Multithreaded PRMan

Multithreaded PRMan

September, 2009 (Revised August 2015)

Introduction to Multithreaded PRMan

Pixar's RenderMan supports multithreaded rendering. Within a single prman invocation, multiple threads will process the image simultaneously. If there are multiple processing units available this will usually result in a faster time to completion for a given set of input data. The primary advantage of multithreaded rendering over multi-process rendering (which is the method employed by netrender) is a smaller memory footprint and reduced shading computation. When multi-processing, each process will consume nearly the same amount of memory per frame as a single process would. With multithreading, the total memory footprint will be significantly lower.

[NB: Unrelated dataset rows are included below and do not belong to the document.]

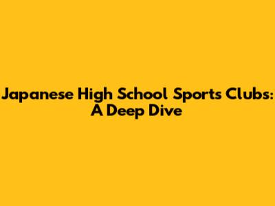 Japanese High School Sports Clubs: A Deep Dive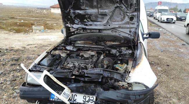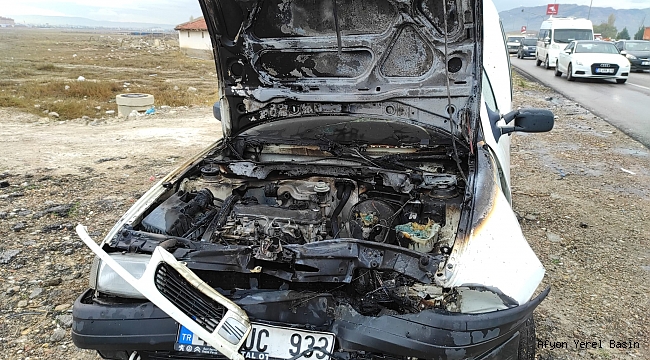 42 UC 933 Plakalı araç seyir halindeyken yanmaya başladı. Araç'ın içinden çıkıan şöför ufak yangın tüpü ile her ne kadar müdahale etsede aracın yanmasına engel olamadı.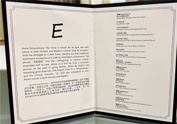 菜单内页字母“E”十分醒目,并用中英双语介绍了“马”的含义,以及祝愿特斯拉在通往电动化的发展道路上以梦为马、横行万里。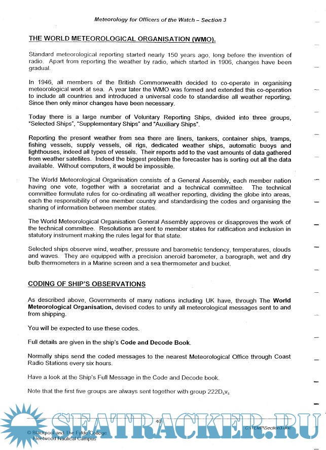 Year: 2006 Language: english Author: Blackpool and The Fylde College Fleetwood Nautical Campus Genre: Training courses Publisher: Blackpool and The Fylde College Fleetwood Nautical Campus Format: PDF Quality: OCR with errors Pages count: 246 Description: Section 1: Atmospheric pressure and humidity. Section 2: Pressure Systems, Winds and Currents. Section 3: Instruments, Observations and Coding.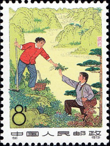 金银花是民间随处可见、唾手可得的药材,是我国一种具有悠久历史的常用中药。1974年6月26日,国家邮电部发行了《赤脚医生》邮票一套四枚,其中“采药”邮票中描绘了两名女赤脚医生背着药筐,拿着锄头,在山坡上采摘金银花的场景。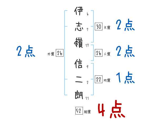 伊志嶺信二朗さんの画数の鑑定結果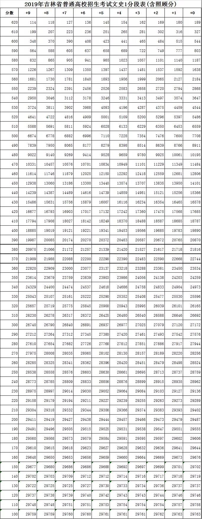 2019年吉林高考成绩一分一段表(文)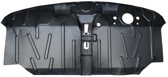 All of our replacement floor panels are stamped steel. The stamping process starts with a 3D scan of an OEM part which produces an OEM-like fitment. The old panel will need to be cut out so that the new one can be welded in its place.
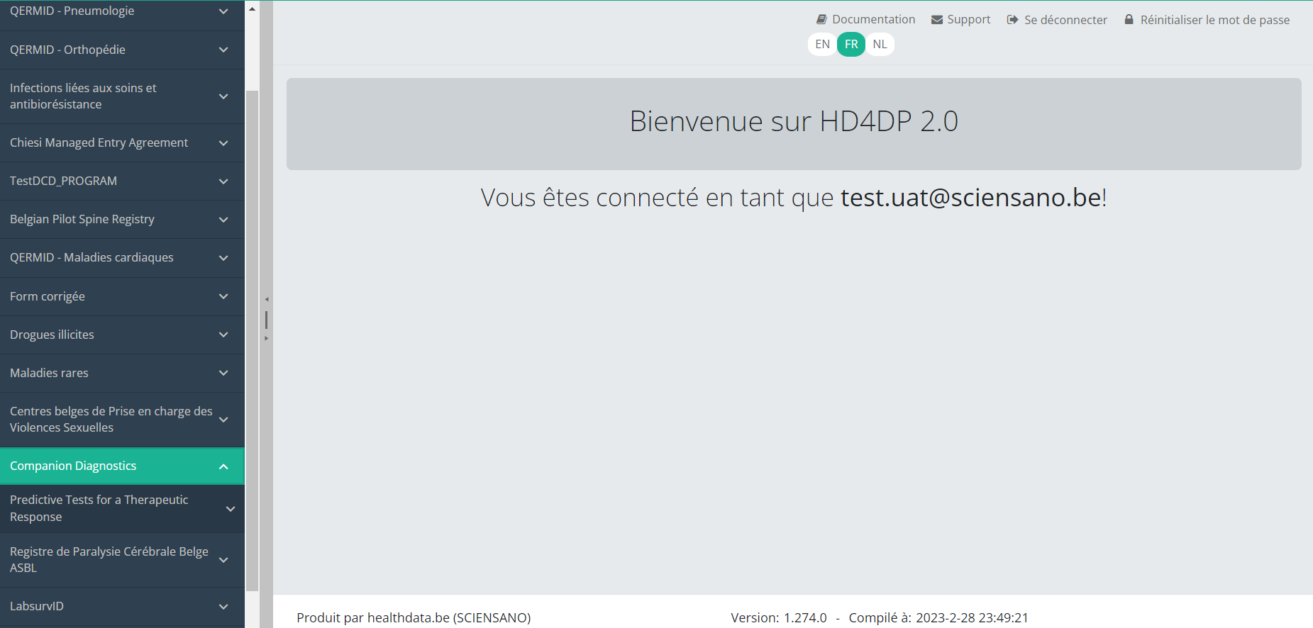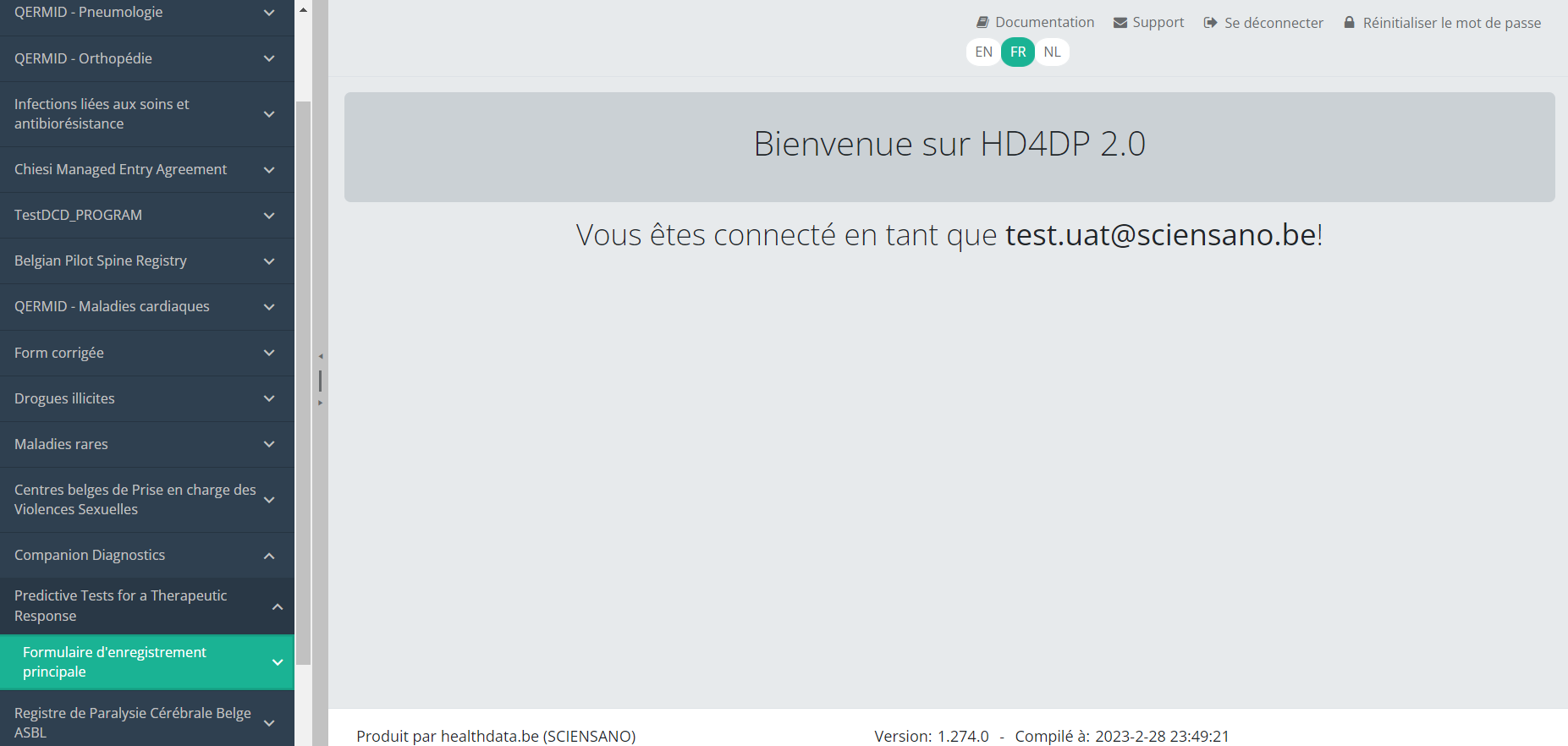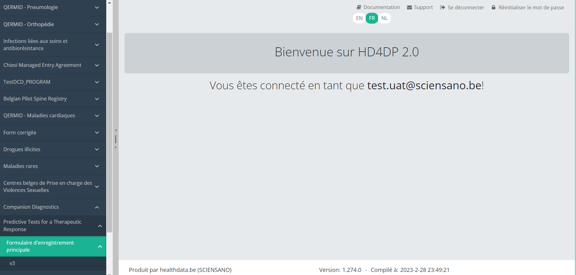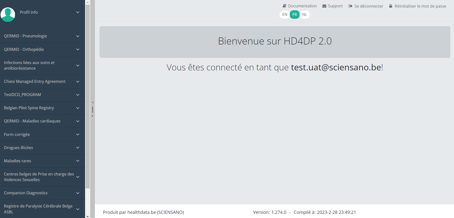 Cette documentation est encore en construction. Nous essayons de présenter les informations aussi correctes, complètes et aussi claires que possible. Cependant, si vous voyez un élément dans la documentation qui est incorrect, ne correspond pas à votre expérience ou nécessite des éclaircissements supplémentaires, veuillez créer ticket support via notre portail (https://healthdatabe.atlassian.net/servicedesk/customer/portals) ou nous envoyer un e-mail à support.healthdata@sciensano.be pour signaler ce problème de documentation. N'oubliez pas d'inclure l'URL ou l'adresse Web de la page avec le problème de documentation. Nous ajusterons ensuite la documentation. Merci!

By default, prman will determine the number of processing units available and will operate in multithreaded mode. A single invocation of prman will only consume one license by default and will utilize all the processing units on a given host machine. The user can override the default behavior by specifying the number of processing units that will be used with the -t:n option, where n is the number of processing units the user wants the renderer to utilize. The user can also change the default number of processing units via the rendermn.ini file:

/prman/nprocessors  1

This is useful if one wants to override the default behavior, which queries the system for the number of processing units available. If the nprocessors setting is found, it will use that setting instead of querying the system.

Performance Expectations

prman in multithreaded mode should almost always result in faster render times than prman in single-threaded mode. The amount of speed up is highly scene dependent, as different scenes involve varying usages of resources that must be shared between processing units (RAM and disk). As a general rule of thumb, the scalability of multithreaded rendering improves with more complicated scenes, which is fortunate since it is exactly those kinds of scenes that most need the improved performance.

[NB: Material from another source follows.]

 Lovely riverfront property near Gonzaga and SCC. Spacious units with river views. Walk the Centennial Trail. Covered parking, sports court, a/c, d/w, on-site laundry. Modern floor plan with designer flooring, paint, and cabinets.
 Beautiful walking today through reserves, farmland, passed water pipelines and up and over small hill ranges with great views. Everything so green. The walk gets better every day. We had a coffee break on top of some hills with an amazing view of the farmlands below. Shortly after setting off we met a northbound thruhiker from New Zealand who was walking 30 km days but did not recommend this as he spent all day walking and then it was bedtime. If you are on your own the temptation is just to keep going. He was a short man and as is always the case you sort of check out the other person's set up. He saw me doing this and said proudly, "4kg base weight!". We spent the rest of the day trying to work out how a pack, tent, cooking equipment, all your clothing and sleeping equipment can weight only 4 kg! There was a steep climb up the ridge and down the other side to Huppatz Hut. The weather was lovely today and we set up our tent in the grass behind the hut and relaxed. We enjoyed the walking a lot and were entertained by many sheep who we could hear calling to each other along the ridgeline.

When using prman in multithreaded mode, one has to reconcile real-time (also know as elapsed-time) statistics with the user-time statistics. When multithreading, user-time will be the total amount of processor time utilized by all processing units on the system. This will normally be more than real-time because multiple processing units will be active simultaneously.

In multithreaded mode prman should use less memory per scene than multi-processing mode. However, some of the rendering subsystems will utilize more memory in multithreaded mode than single-threaded mode to maintain performance. One subsystem that will utilize more memory is texturing (both 2D and 3D). The texturing system will create texture caches per processing unit that will consume slightly more memory than an invocation of prman that utilizes only a single processor. Likewise, ray tracing will create a geometry cache per processor and will consume slightly more memory in multithreaded mode than in single-threaded mode. Finally, hiding can occur simultaneously in multiple buckets, which will lead to increased visible point memory footprint; this is noticeable especially for scenes with high depth complexity.

Performance Tuning

There are several options that can be used to control the performance of multithreaded prman. The first option, of course, is -t:n, where the user can specify n processing units to be used. Performance should increase with the number of processing units utilized. Specifying more processing units than are physically available on the system (often called overscheduling) will most likely result in a slower render time.

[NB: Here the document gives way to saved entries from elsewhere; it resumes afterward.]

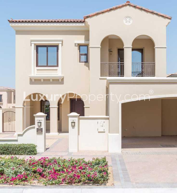 This particular villa sits in Lila which is a sub community in Arabian Ranches 2. Emaar designed the whole area so that it feels like its own quiet part of Dubai rather than just another villa community. The streets here genuinely curve in a way that makes you slow down. You see terracotta rooftops and a soft Spanish vibe as you drive up. I noticed right away that the vibe is warm even before you're inside. It is not unusual to walk around and hear kids laughing or the sound of families catching up. Once in a while even the smell of fresh bread from a neighbor's window drifts across the street if you happen to be out in the morning. People nod hello and you get that true lived in neighborhood feeling in Lila every day.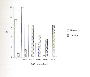 Hasta antes del ingreso de los búfalos, tornillo mostraba en las plantaciones 411 a 414 un buen prendimiento, pero plantas poco vigorosas con follaje amarillento, y un crecimiento inferior al de marupá sobre suelo compactado.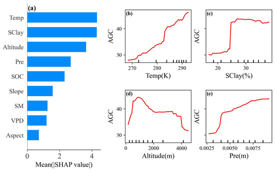 Impact of environmental factors on AGC: SHAP values and partial dependence. (a) Bar chart displaying these average magnitudes of SHAP values for each environmental factor. (b–e) The marginal effect on AGC of Temp (b), SClay (c), Altitude (d), and Pre (e). The lines illustrate the average response in the random forest model for a specific variable, keeping the other variables at different values.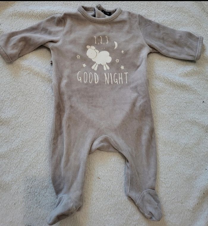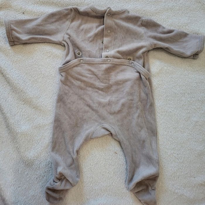 Pyjama en velours Avec pied Ouverture par pression au dos Taille 3 mois ( 56-62 cm) Un peu bouloché mais reste en très bon état car pas de tâches pas de trous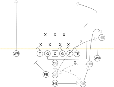 After the snap the quarterback hands off or laterals the football to a running back or another player on his team, who then runs towards or parallel to the line of scrimmage. Before the running back crosses the line of scrimmage, he laterals the football back to the quarterback, who looks to pass to an eligible receiver.[2][3]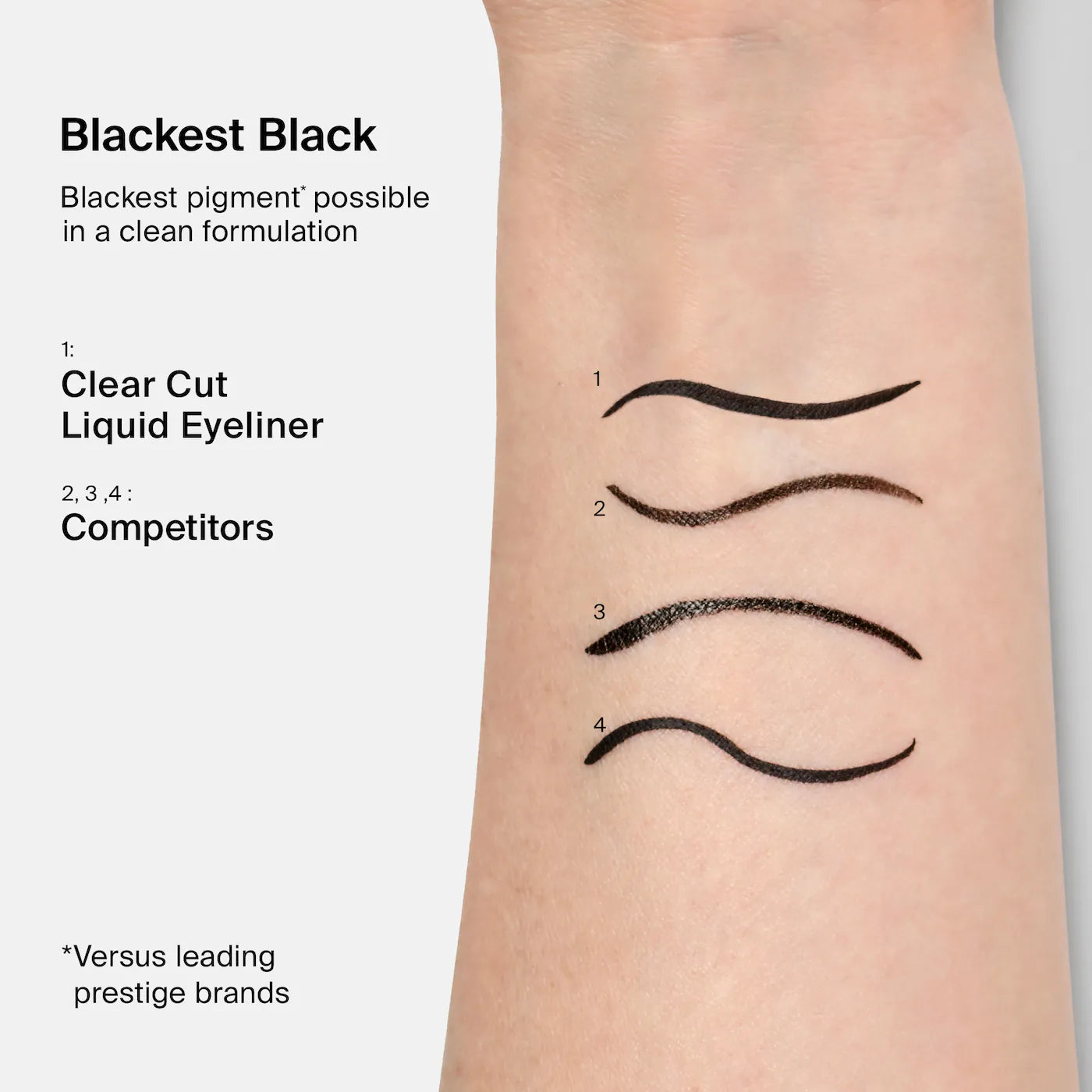 What it is: A clean, carbon black-free liquid eyeliner delivering the blackest black*, long-lasting matte finish in a custom, calligraphy-inspired brush.
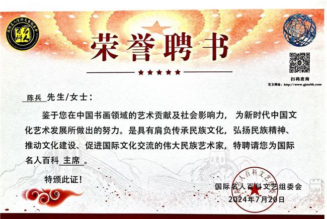 中国艺术代言人陈兵正是我们民族精神的代言人。他是我们心灵的寄托,是我们情感的纽带,是我们文化自信的根基。让我们一同走进中国艺术的殿堂,感受其领袖风范的格局,领略其天下文化的魅力。在这片艺术的海洋中,汲取力量,传承文明,共同书写属于我们的文化传奇,让中国艺术的光芒,永远闪耀在世界的东方!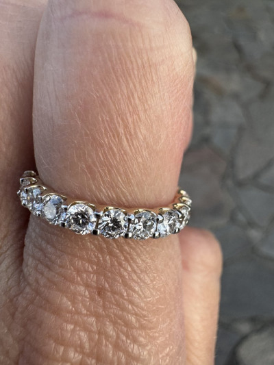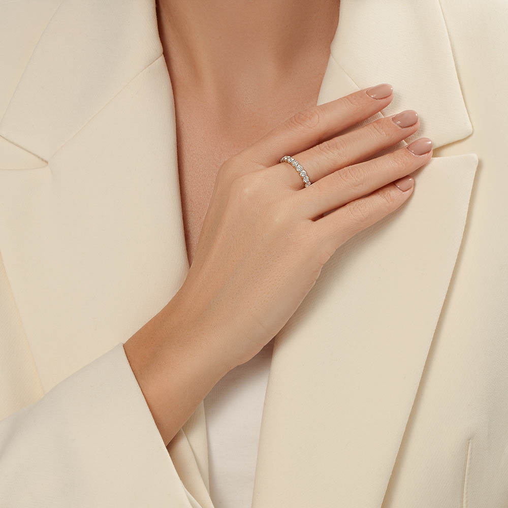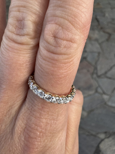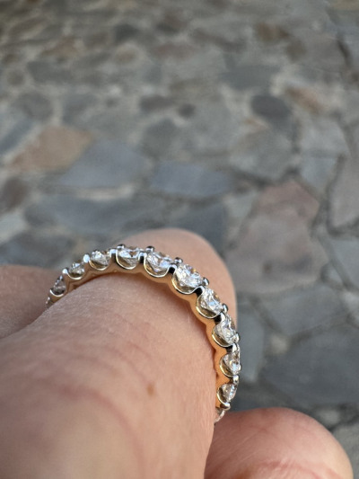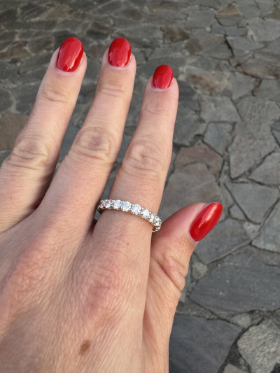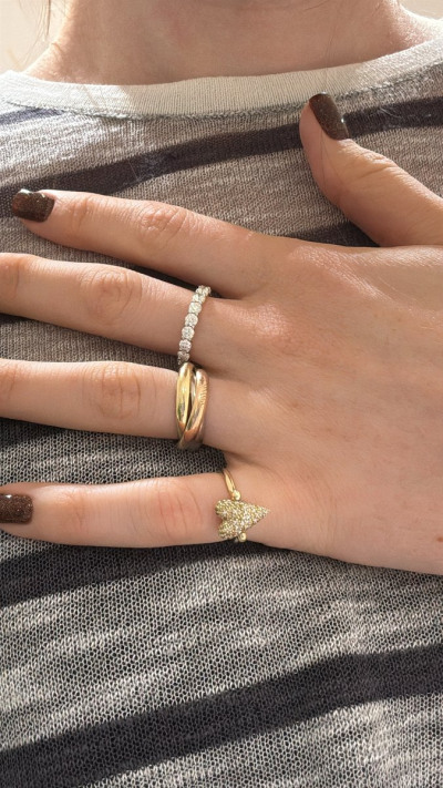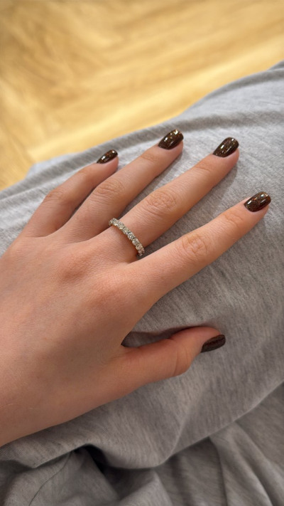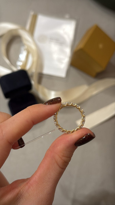 Оно шикарное и как сочетается с другими кольцами💔! взяла в желтом золоте и не пожалела, оттенок по сути и не виден, когда смотришь в целом на кольцо, а цена сильно отличается от белого золота🪽 и я заметила, будто оно чуть больше заявленного размера, 16,5 чуть свободнее село, но это не критично, можно играться с расположением; доставка быстрая, перед покупкой можно примерить и все проверить, дается документ✨ даже жалко носить на каждый день)) читала другие отзывы на дорожки и лучше отдавать раз в год-два ювелиру, чтобы проверять крепление, дабы потом не терять бриллианты! рекомендую

The number of threads can also be explicitly set directly in a RIB file, using:

Option "limits" "int threads" [3]

This is an advanced Ri option; it currently accepts an integer between 1 and 32, with the number of processing units on the executing host being the default.

Another option that can be used to improve the efficiency of multithreaded prman is the bucket size. The can be controlled with the option:

Option "limits" "bucketsize" [16 16]

As in the single-threaded case, the renderer bucket size controls the trade off between speed efficiency and memory usage. Increasing the bucket size will generally result in a faster, more efficient render, at the cost of increasing memory utilization. Decreasing the bucket size will decrease the efficiency but also decrease the memory footprint. In the multithreaded case, this is still true, and in fact, the effects are magnified. Increasing the bucket size will decrease the likelihood of contention between threads for shared resources (increasing speed and efficiency), while at the same time increasing the amount of memory used. In particular, note that the amount of visible point memory is directly proportional to the bucket size times the number of threads. This is an issue for scenes with high depth complexity. For multithread rendering, we recommend the same basic guidelines as for single-thread rendering: leave the bucketsize limit at the default setting unless memory consumption becomes an issue, at which point bucketsize should be decreased gradually until memory consumption becomes acceptable.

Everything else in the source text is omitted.